A high-resolution camera was set in front of the model backed by LED lights to take numerous real-time images during the entire process, which were later used for image analysis (IA) purposes to evaluate heavy oil recovery as well as sweep efficiency. This would make possible clear-cut visualization of solvent chamber growth under different circumstances.
Conducting each VAPEX test took about 6–7 h depending on the heavy oil–solvent systems and experiment circumstances and demanded the physical presence of the operator to monitor and collect the data. The VAPEX process is a slow one in nature due to the main production mechanism (gravity drainage) relying on solvent diffusion and subsequent chamber propagation. According to the observations, the injection rate experienced an overall increasing trend with time and reached its highest at the end of the process. At that time, the solvent chamber ceased to spread considerably further (falling phase) and the injection gas tended to exit the model without significantly contributing to heavy oil production. Finally, injection was stopped and the corresponding valves were closed while releasing the production port to atmospheric pressure to collect any final production.

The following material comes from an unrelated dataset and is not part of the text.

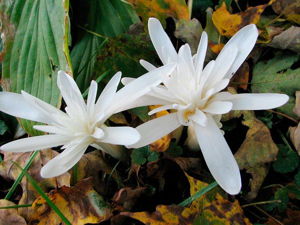 У безвременников все не так, как у других растений: весной отрастают листья (довольно крупные по сравнению с другими луковичными). Они держатся долго, бывает, до конца июля, потом жухнут, прячутся… А в сентябре или позже появляются цветки. У видовых растений — простые, розовые. У многочисленных сортов — белые, махровые.

2.5. Image Analysis (IA) and Sweep Efficiency Measurement

This step began with solvent injection commencement and was carried out continuously during the whole process span. High-quality images were captured throughout the course of each VAPEX test to be employed for various purposes post-experiments. First, and most importantly, IA helped determine the precise value of recovery factor at each time step by analyzing the colors of each pixel and, hence, calculating the oil/solvent content within that pixel. This was completed by primarily introducing the black heavy oil color as 100% oil saturation and the light yellow of the injection solvent as 100% solvent saturation zones. The obtained data points were later utilized in recovery comparisons between the various scenarios considered. A MATLAB® code was used to perform the image analysis operations, as illustrated in Figure 4. Figure 5, on the other hand, demonstrates the results of IA obtained for the base case VAPEX with carbon dioxide versus pattern H1 (horizontal fractures included) with propane injection.
Based on analysis of the IA, the sweep efficiencies were calculated for each set of heavy oil–solvent-fracture design. This was completed by finding the ratio of the area swept over the total area of the pattern.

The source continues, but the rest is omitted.